Detailed Description
Aim 1: To examine the effectiveness of VR plus standard medical therapy in reducing the experience of pain in patients 6 to 21 years with sickle cell VOC who present to the emergency department (ED), compared to historical standard medical care alone. Hypothesis 1: Patients who receive VR in addition to standard medical therapy will report lower pain severity when compared to historical control patients who received standard medical therapy alone. Aim 2: To examine the effectiveness of VR plus standard medical therapy in reducing hospital admission rates for patients 6 to 21 years with sickle cell VOC who present to the ED, compared to historical standard medical therapy alone. Hypothesis 2: Patients who receive VR in addition to standard medical therapy will have a decreased rate of admission to the hospital compared to historical control patients who received standard medical therapy alone. Secondary Aim 1: To examine the effectiveness of VR plus standard medical therapy in reducing length of stay in the ED Secondary Hypothesis 1: Patients who receive VR plus standard medical therapy will have shorter stays in the ED when compared to historical control patients who received standard medical therapy alone. Secondary Aim 2: To examine the effectiveness of VR plus standard medical therapy in reducing time to ED disposition. Secondary Hypothesis 2: Patients who receive VR plus standard medical therapy will have shorter time to ED disposition when compared to historical control patients who received standard medical therapy alone.
Investigators
Eligibility Criteria
Inclusion Criteria
- •Age of 6 to 21 years
- •Sickle cell disease, any genotype
- •Diagnosis of VOC
- •Pain score of 4 or greater
Exclusion Criteria
- •Non-VOC pain (from acute illness or injury)
- •Respiratory distress or acute chest syndrome or cough
- •Complaints of headache/dizziness/nausea during visit
- •History of epilepsy or seizures
Outcomes
Primary Outcomes
Patient Disposition
Time Frame: Time frame is variable based on patient treatment course. For the trial arm, virtual reality therapy and time study team will interact with the patient is estimated to be 30 minutes.
Patient disposition (admitted to hospital or discharged from emergency department) will be recorded.
Pain Scores
Time Frame: Pain scores will be measured during patient stay in the ED. This is variable based on patient treatment course. For the trial arm, virtual reality therapy and time study team will interact with the patient is estimated to be 30 min.

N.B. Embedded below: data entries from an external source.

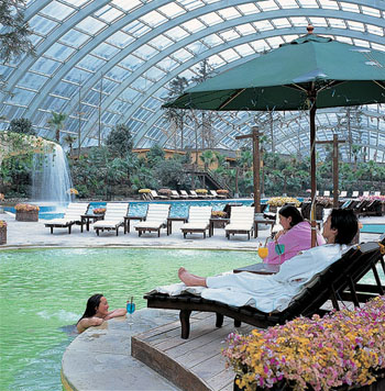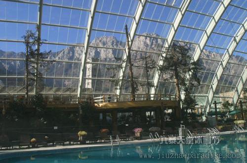 一年后,再次住進九寨天堂,當別人涌向那114個海子的時候,我一個人泡在可供2000人沐浴的溫泉里。上午陽光燦爛,連蒸騰中的水汽都仿佛染上了一層金色,仙境一般,遠處雪山在望,被鋼筋分割成塊的湛藍天空上,淡如柳絮的白云,從一塊玻璃慢慢地飄進另一塊玻璃,不見一百一十四塊海子,卻在這里悠然重溫了九寨之夢。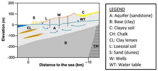Schematization of the hydrogeological cross-section of the Gaza aquifer (adapted from [31,32]).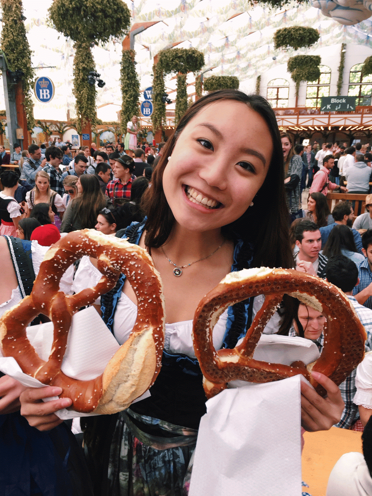 Two weekends ago, my friends and I took a 10pm train on Thursday night from Florence to Germany to attend Oktoberfest. With a little less than six hours of sleep, we got off the train around 6:30am on Friday morning and went directly to the festival, where we waited in line for three hours before entering one of the tents. We spent the entire day at Oktoberfest, dining and celebrating. Let’s just say our Friday was filled with lederhosen, dirndls, beer, bratwurst, prost and many, many pretzels.Â
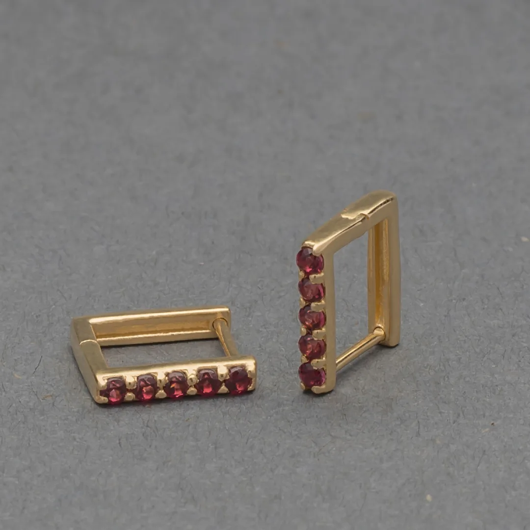 KE ER 13973 – Sterling Silver Rhodium Plated Huggies with Rhodolite Stones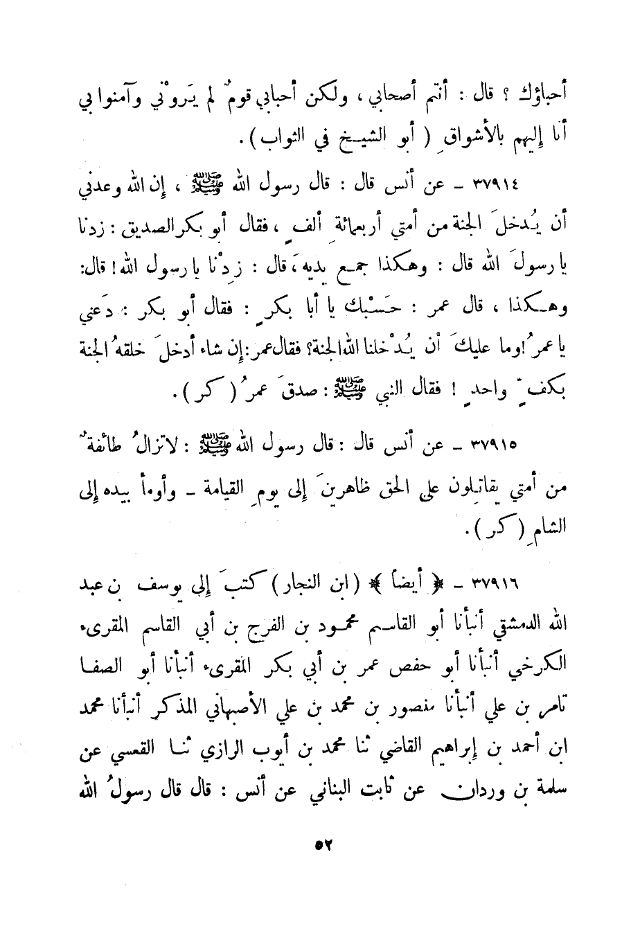 37914- عن أنس قال: قال رسول الله صلى الله عليه وسلم، "إن الله وعدني أن يدخل الجنة من أمتي أربعمائة ألف"، فقال أبو بكر الصديق: زدنا يا رسول الله قال: وهكذا جمع يديه، قال: زدنا يا رسول الله! قال: وهكذا، قال عمر: حسبك يا أبا بكر: فقال أبو بكر: دعني يا عمر! وما عليك أن يدخلنا الله الجنة؟ فقال عمر: إن شاء أدخل خلقه الجنة بكف واحد! فقال النبي صلى الله عليه وسلم: "صدق عمر". "كر".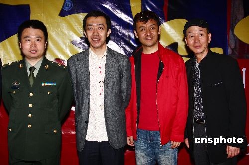4月28日,中國(guó)首部相聲喜劇電影——《天下第一串》在北京首映。該影片是一部融相聲說(shuō)、學(xué)、逗、唱等元素和中國(guó)戲劇手法于一身的喜劇電影。由以《武林外傳》的燕小六一角為廣大觀眾所熟知的肖劍、天津相聲名家趙津生、劉偉、何濤、李菁、何云偉等主演,這些演員幾乎融合了中國(guó)所有相聲派別,特點(diǎn)鮮明,喜劇味十足。圖為(左起)該片主演“燕小六”肖劍、李菁、王斌、趙津生。中新社發(fā) 李學(xué)仕 攝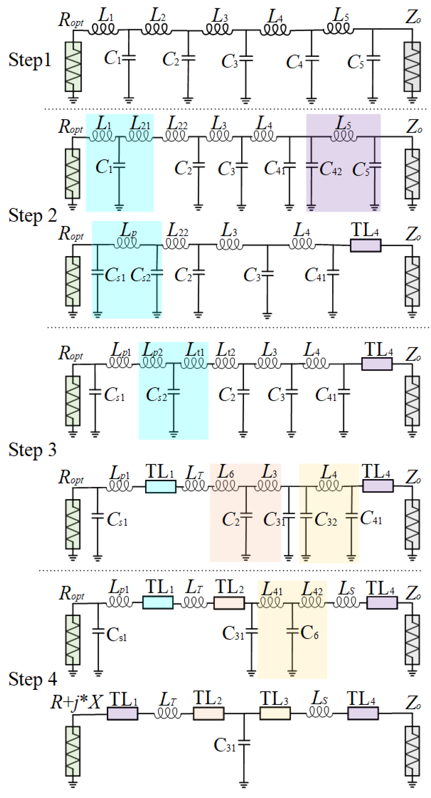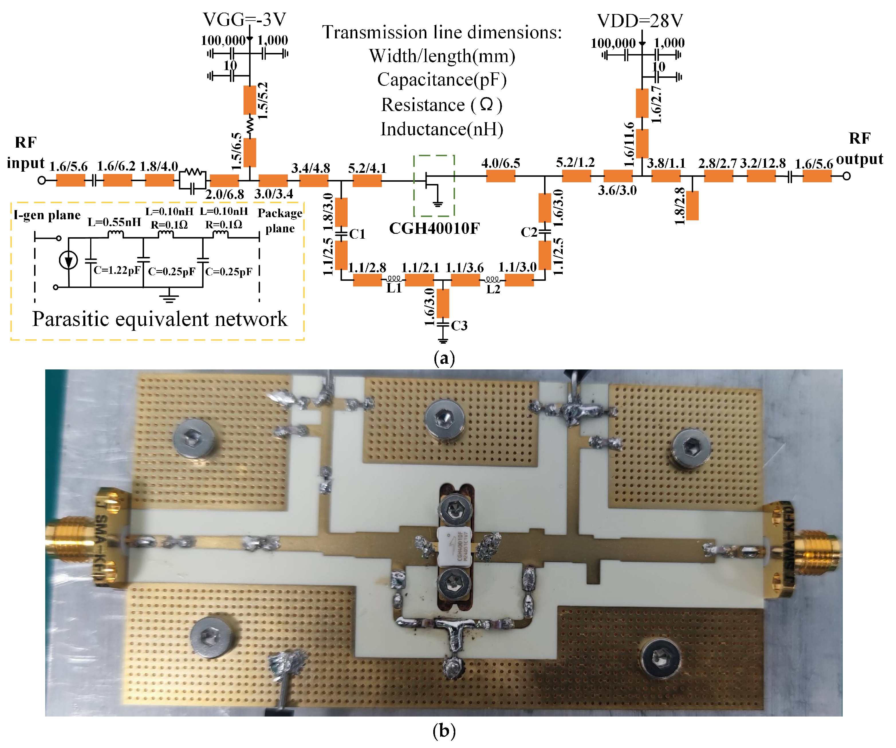 - Cong, M.; Dai, T.; Yang, Y.; Ren, J.; Zhao, F. Ultra-wideband GaN RF Power Amplifier Based on Low-pass Ladder Matching Network. IEICE Electron. Express 2024, 21, 20240486. [Google Scholar] [CrossRef]
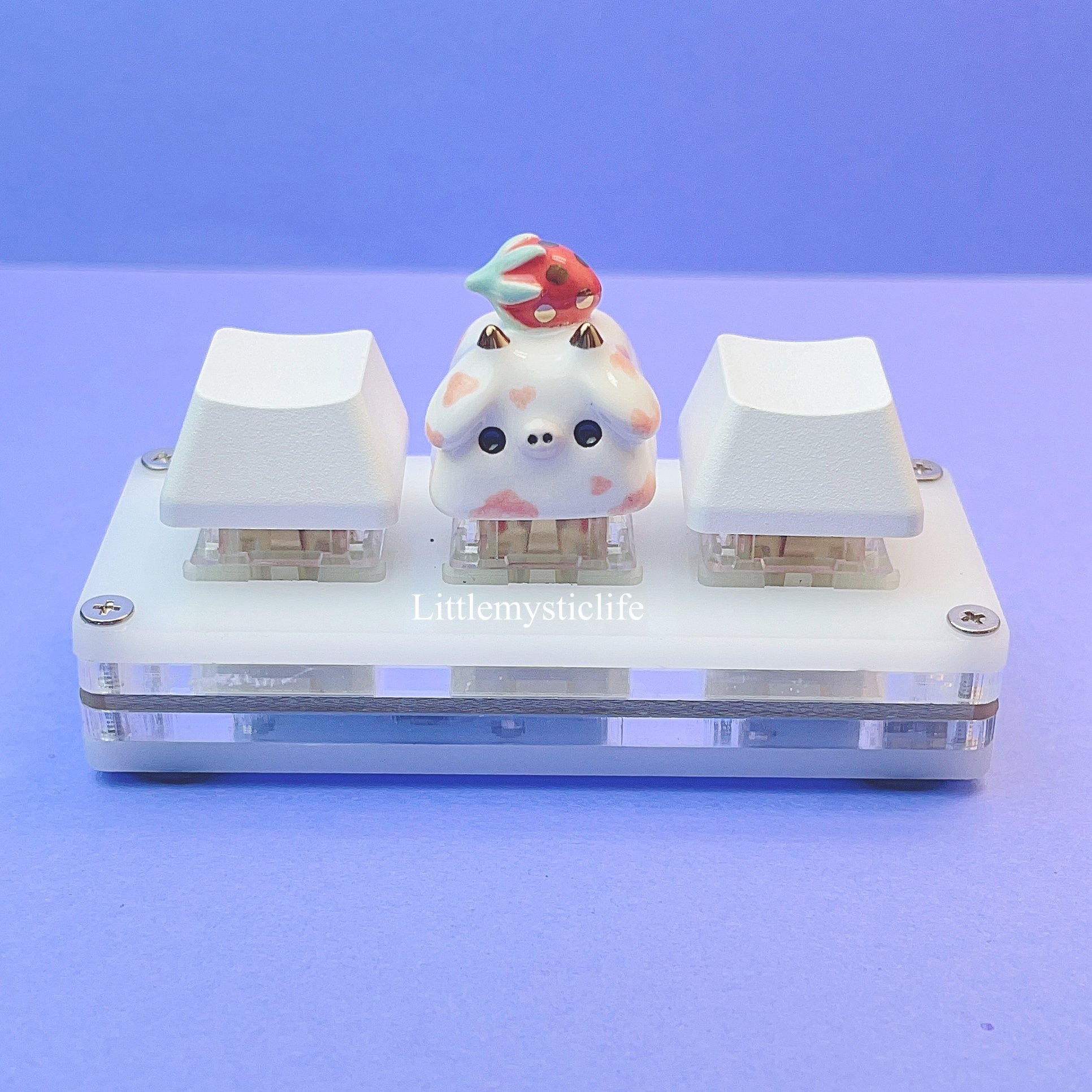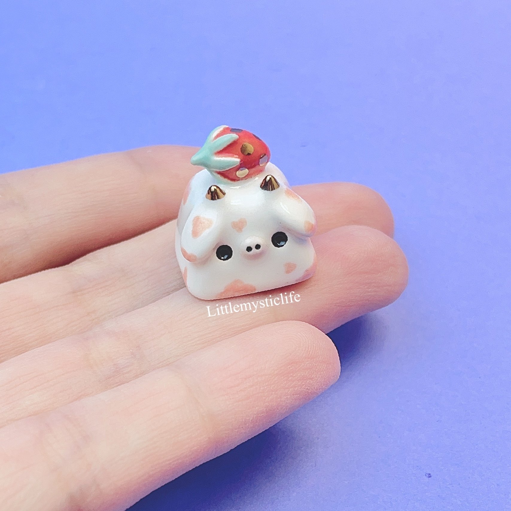 Keycap strawberry cow is made of low fire earthen clay and Duncan underglaze for ceramic. In order to achieve the final looking pieces, I put a lot of time and care into sculpting, glazing, and firing my pieces at the right temperature. Delicate 22k gold details are painted by hand in these pieces for elegant and shiny looking. All my pieces are very small (about as big as your thumb), please handle them with care.

Patient pain scores will be recorded from time of patient presentation, after each dose of pain medication, at time of patient disposition. For the trial arm, pain scores will also be documented before and after the application of virtual reality goggles with guided meditation. Pain scores will be measured with the Wong-Baker Faces Scale generally for children 10 and under or depending on developmental and cognitive ability of the child or on a numeric scale from 0 to 10 with 0 correlating to "no pain" and 10 correlating to "severe pain."
Secondary Outcomes
- Length of Stay in the Emergency Department(Time frame is variable based on patient treatment course. For the trial arm, virtual reality therapy and time study team will interact with the patient is estimated to be 30 minutes.)
- Time to Emergency Department Disposition(Time frame is variable based on patient treatment course. For the trial arm, virtual reality therapy and time study team will interact with the patient is estimated to be 30 minutes.)